- _Data extract_
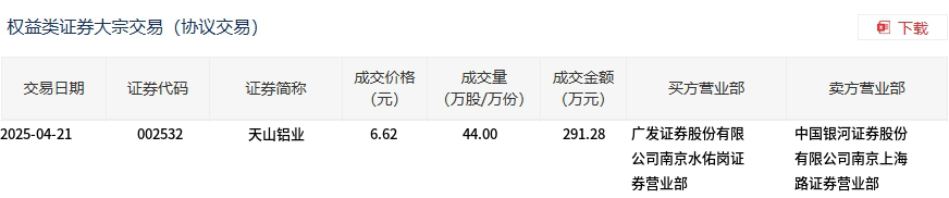 4月21日,天山铝业大宗交易成交44万股,成交额291.28万元,占当日总成交额的0.58%,成交价6.62元,较市场收盘价7.58元折价12.66%。
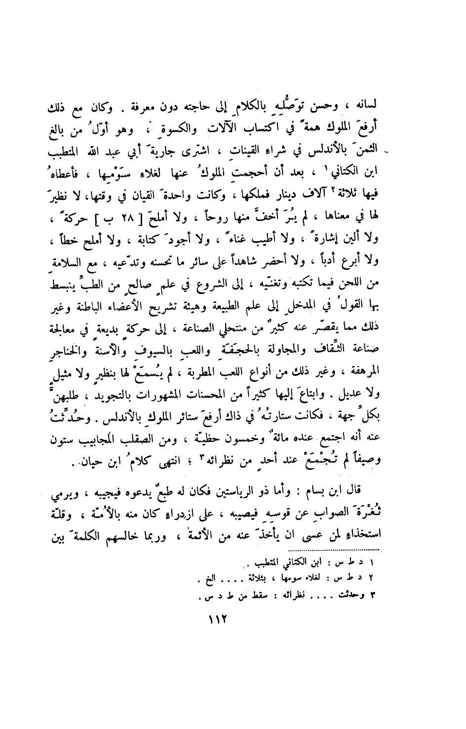 لسانه، وحسن توصله إلى حاجته دون معرفة. وكان مع ذلك أرفع الملوك همة في اكتساب الآلات والكسوة، وهو أول من بالغ الثمن بالأندلس في شراء القيتات، اشترى جارية أبي عبد الله المتطبب ابن الكتاني، بعد أن احجمت الملوك عنها لغلاء سومها، فأعطاه غيها ثلاثة آلاف دينار فملكها، وكانت واحدة القيان في وقتها، لا نظير لها في معناها، لم ير أخف منها روحا، ولا أملح [28ب] حركة، ولا ألين إشارة، ولا أطيب غناء، ولا أجود كتابة، ولا أملح خطأ، ولا أبرع أدبا، ولا أحضر شاهدا على سائر ما تحسنه وتدعيه، مع السلامة من اللحن فيما تكتبه وتغنيه، إلى الشروع في علم صالح من الطب ينبسط بها القول في المدخل إلى علم الطبيعة وهيئة تشريح الأعضاء الباطنة وغير ذلك مما يقصر عنه كثير من منحلي الصناعة، إلى حركة بديعة في معالجة صناعة الثقاف والمجاولة بالحجفة واللعب بالسيوف والأسنة والخناجر المرهفة، وغير ذلك من أنواع اللعب المطربة، لم يسمع لها بنظير ولا مثيل ولا عديل. وابتاع إليها كثيرا من المحسنات المشهورات بالتجويد، طلبهن بكل جهة، فكانت ستارته في ذاك أرفع ستائر الملوك بالأندلس. وحدثت عنه أنه اجتمع عنده مائة وخمسون حظية، ومن الصقلب المجابيب ستون وصيفا لم تجمع عند أحد من نظرائه؛ انتهى كلام ابن حيان.
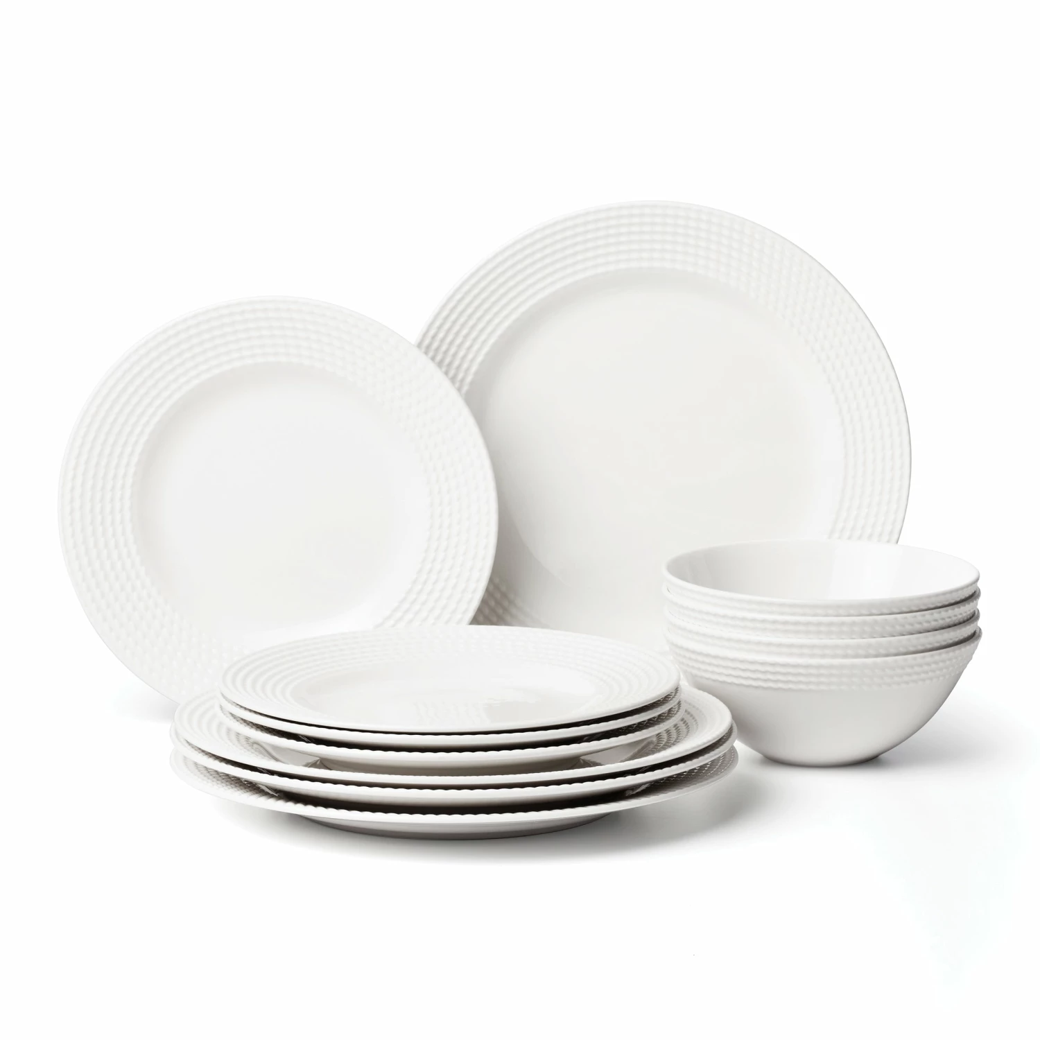 Service for everyone! Grab this functional, yet fun collection of dinnerware to embrace your hosting superpowers. With a clean porcelain base and textured edges, this set includes 38 pieces, so you’ll have room for all.
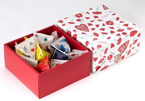 人気のかりんといろは8種24個入を母の日包装でご用意。個包装になっているので、小腹が空いた時にもお酒のお供にもぴったりです。

- _Your objective_
Copy the listing exactly. Any image in it stays out of the copy.

- _Your response_
 4月21日,天山铝业大宗交易成交44万股,成交额291.28万元,占当日总成交额的0.58%,成交价6.62元,较市场收盘价7.58元折价12.66%。
 لسانه، وحسن توصله إلى حاجته دون معرفة. وكان مع ذلك أرفع الملوك همة في اكتساب الآلات والكسوة، وهو أول من بالغ الثمن بالأندلس في شراء القيتات، اشترى جارية أبي عبد الله المتطبب ابن الكتاني، بعد أن احجمت الملوك عنها لغلاء سومها، فأعطاه غيها ثلاثة آلاف دينار فملكها، وكانت واحدة القيان في وقتها، لا نظير لها في معناها، لم ير أخف منها روحا، ولا أملح [28ب] حركة، ولا ألين إشارة، ولا أطيب غناء، ولا أجود كتابة، ولا أملح خطأ، ولا أبرع أدبا، ولا أحضر شاهدا على سائر ما تحسنه وتدعيه، مع السلامة من اللحن فيما تكتبه وتغنيه، إلى الشروع في علم صالح من الطب ينبسط بها القول في المدخل إلى علم الطبيعة وهيئة تشريح الأعضاء الباطنة وغير ذلك مما يقصر عنه كثير من منحلي الصناعة، إلى حركة بديعة في معالجة صناعة الثقاف والمجاولة بالحجفة واللعب بالسيوف والأسنة والخناجر المرهفة، وغير ذلك من أنواع اللعب المطربة، لم يسمع لها بنظير ولا مثيل ولا عديل. وابتاع إليها كثيرا من المحسنات المشهورات بالتجويد، طلبهن بكل جهة، فكانت ستارته في ذاك أرفع ستائر الملوك بالأندلس. وحدثت عنه أنه اجتمع عنده مائة وخمسون حظية، ومن الصقلب المجابيب ستون وصيفا لم تجمع عند أحد من نظرائه؛ انتهى كلام ابن حيان.
 Service for everyone! Grab this functional, yet fun collection of dinnerware to embrace your hosting superpowers. With a clean porcelain base and textured edges, this set includes 38 pieces, so you’ll have room for all.
 人気のかりんといろは8種24個入を母の日包装でご用意。個包装になっているので、小腹が空いた時にもお酒のお供にもぴったりです。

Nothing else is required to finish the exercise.